---------- DATA RECORDS ----------

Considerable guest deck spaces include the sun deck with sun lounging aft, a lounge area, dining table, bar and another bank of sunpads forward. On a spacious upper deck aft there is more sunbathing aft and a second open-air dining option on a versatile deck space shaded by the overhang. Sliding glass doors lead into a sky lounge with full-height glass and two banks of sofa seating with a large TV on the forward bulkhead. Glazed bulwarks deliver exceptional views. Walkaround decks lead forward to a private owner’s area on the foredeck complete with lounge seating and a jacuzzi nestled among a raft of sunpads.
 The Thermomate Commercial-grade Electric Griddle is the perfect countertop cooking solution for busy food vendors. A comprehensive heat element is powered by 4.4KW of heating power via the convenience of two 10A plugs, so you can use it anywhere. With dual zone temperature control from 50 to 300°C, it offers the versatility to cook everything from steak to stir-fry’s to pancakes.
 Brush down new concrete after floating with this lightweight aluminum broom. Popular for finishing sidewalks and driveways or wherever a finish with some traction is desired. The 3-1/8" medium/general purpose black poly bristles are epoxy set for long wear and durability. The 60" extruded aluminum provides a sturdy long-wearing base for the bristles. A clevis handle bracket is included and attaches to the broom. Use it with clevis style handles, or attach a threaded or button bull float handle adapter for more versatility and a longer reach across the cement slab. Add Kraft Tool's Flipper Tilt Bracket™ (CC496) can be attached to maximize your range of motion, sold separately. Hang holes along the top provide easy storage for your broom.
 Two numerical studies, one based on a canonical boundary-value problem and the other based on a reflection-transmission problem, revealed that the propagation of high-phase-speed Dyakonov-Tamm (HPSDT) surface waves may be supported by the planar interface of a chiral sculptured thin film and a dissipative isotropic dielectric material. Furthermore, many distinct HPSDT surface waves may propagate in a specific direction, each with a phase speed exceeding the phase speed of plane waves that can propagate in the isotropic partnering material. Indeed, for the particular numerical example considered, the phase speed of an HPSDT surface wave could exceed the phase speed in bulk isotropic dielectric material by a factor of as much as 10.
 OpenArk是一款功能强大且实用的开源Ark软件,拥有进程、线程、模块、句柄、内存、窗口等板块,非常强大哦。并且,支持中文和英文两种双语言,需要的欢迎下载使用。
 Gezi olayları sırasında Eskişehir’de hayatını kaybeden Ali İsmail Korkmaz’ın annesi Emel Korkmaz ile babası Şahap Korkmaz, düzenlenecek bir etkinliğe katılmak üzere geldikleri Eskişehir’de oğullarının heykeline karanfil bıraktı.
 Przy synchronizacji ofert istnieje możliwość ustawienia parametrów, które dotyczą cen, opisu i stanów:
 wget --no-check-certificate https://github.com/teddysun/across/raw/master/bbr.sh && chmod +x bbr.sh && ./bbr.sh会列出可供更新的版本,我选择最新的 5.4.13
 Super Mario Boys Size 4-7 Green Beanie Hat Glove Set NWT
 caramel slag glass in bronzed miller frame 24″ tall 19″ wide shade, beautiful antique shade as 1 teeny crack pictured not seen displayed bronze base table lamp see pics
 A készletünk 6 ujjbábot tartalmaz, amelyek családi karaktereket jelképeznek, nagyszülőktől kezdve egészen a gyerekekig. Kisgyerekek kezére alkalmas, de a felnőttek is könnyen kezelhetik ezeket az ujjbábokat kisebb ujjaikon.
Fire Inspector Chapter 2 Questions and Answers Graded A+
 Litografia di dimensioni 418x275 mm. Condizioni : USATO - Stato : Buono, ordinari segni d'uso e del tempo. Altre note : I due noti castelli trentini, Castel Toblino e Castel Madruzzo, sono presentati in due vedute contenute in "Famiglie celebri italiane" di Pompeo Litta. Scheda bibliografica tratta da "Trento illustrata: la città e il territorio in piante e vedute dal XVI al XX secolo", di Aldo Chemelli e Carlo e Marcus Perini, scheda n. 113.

----------

- [PROBLEM DETAILS]:
Stop at the line containing "The Thermomate Commercial-grade". Please print exactly every line before it from the start of the records, plus that line itself, and nothing else.

- [ANSWER SECTION]:
Considerable guest deck spaces include the sun deck with sun lounging aft, a lounge area, dining table, bar and another bank of sunpads forward. On a spacious upper deck aft there is more sunbathing aft and a second open-air dining option on a versatile deck space shaded by the overhang. Sliding glass doors lead into a sky lounge with full-height glass and two banks of sofa seating with a large TV on the forward bulkhead. Glazed bulwarks deliver exceptional views. Walkaround decks lead forward to a private owner’s area on the foredeck complete with lounge seating and a jacuzzi nestled among a raft of sunpads.
 The Thermomate Commercial-grade Electric Griddle is the perfect countertop cooking solution for busy food vendors. A comprehensive heat element is powered by 4.4KW of heating power via the convenience of two 10A plugs, so you can use it anywhere. With dual zone temperature control from 50 to 300°C, it offers the versatility to cook everything from steak to stir-fry’s to pancakes.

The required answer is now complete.